*** Opening of Data under study ***

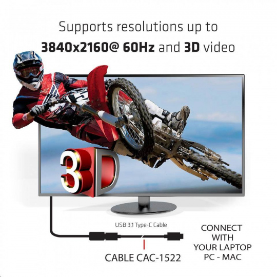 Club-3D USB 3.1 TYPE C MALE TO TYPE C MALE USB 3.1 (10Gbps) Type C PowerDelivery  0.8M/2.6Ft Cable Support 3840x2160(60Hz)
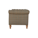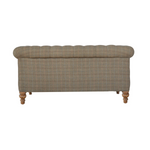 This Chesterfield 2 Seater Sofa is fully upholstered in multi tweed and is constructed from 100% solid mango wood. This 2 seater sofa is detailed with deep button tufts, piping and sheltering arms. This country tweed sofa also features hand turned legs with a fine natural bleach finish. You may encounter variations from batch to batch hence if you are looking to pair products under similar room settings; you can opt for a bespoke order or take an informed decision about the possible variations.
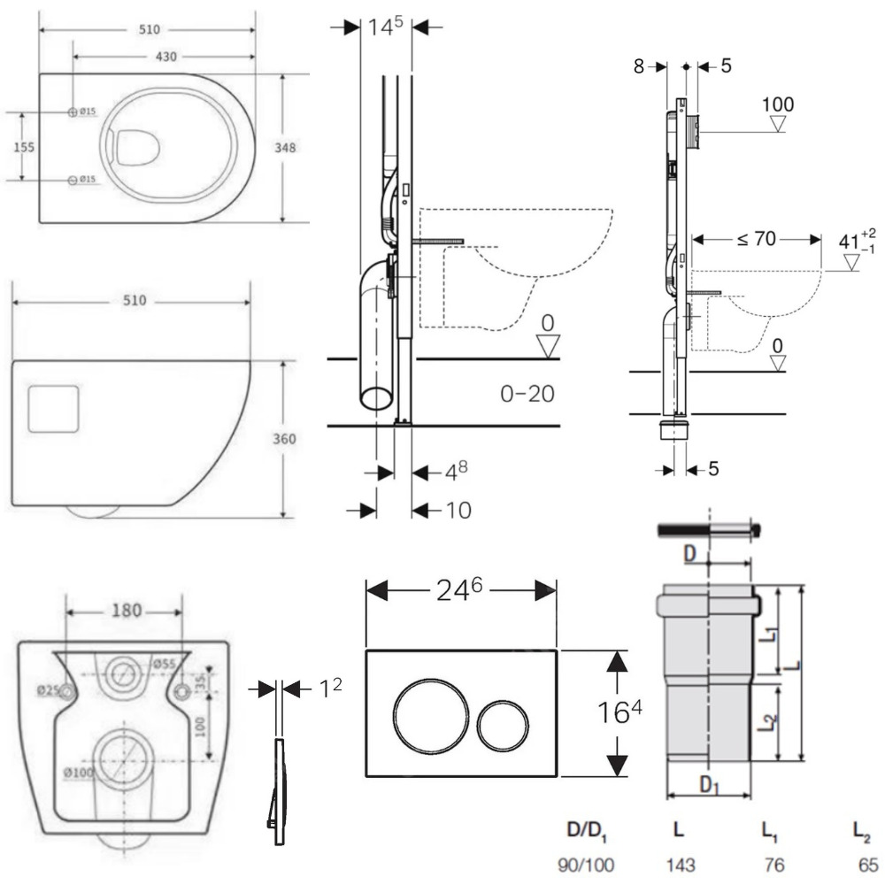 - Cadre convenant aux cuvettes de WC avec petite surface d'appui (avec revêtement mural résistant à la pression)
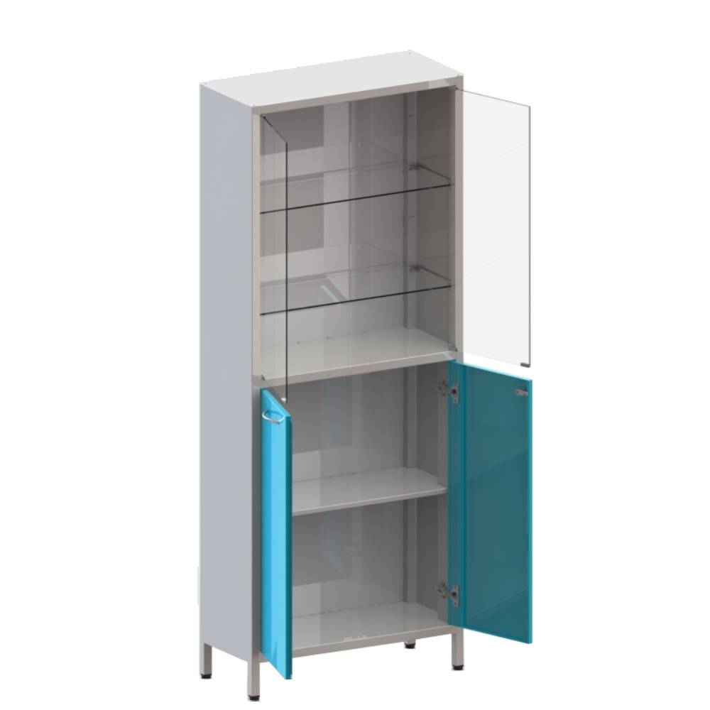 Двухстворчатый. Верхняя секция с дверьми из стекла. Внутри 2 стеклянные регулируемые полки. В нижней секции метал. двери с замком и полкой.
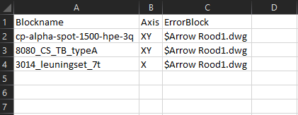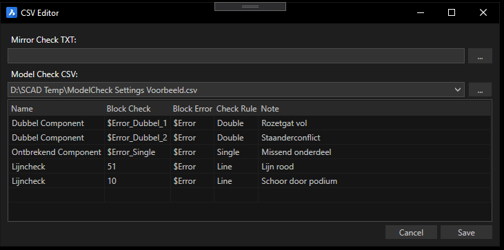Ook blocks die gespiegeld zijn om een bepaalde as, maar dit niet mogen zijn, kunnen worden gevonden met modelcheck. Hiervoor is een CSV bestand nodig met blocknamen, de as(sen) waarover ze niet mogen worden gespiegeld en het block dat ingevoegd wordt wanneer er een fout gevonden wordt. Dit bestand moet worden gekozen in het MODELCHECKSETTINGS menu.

*** Close of Data under study ***

§ Exercise directions: Print verbatim every line above, apart from the pictures.

§ Response below:
 Club-3D USB 3.1 TYPE C MALE TO TYPE C MALE USB 3.1 (10Gbps) Type C PowerDelivery  0.8M/2.6Ft Cable Support 3840x2160(60Hz)
 This Chesterfield 2 Seater Sofa is fully upholstered in multi tweed and is constructed from 100% solid mango wood. This 2 seater sofa is detailed with deep button tufts, piping and sheltering arms. This country tweed sofa also features hand turned legs with a fine natural bleach finish. You may encounter variations from batch to batch hence if you are looking to pair products under similar room settings; you can opt for a bespoke order or take an informed decision about the possible variations.
 - Cadre convenant aux cuvettes de WC avec petite surface d'appui (avec revêtement mural résistant à la pression)
 Двухстворчатый. Верхняя секция с дверьми из стекла. Внутри 2 стеклянные регулируемые полки. В нижней секции метал. двери с замком и полкой.
Ook blocks die gespiegeld zijn om een bepaalde as, maar dit niet mogen zijn, kunnen worden gevonden met modelcheck. Hiervoor is een CSV bestand nodig met blocknamen, de as(sen) waarover ze niet mogen worden gespiegeld en het block dat ingevoegd wordt wanneer er een fout gevonden wordt. Dit bestand moet worden gekozen in het MODELCHECKSETTINGS menu.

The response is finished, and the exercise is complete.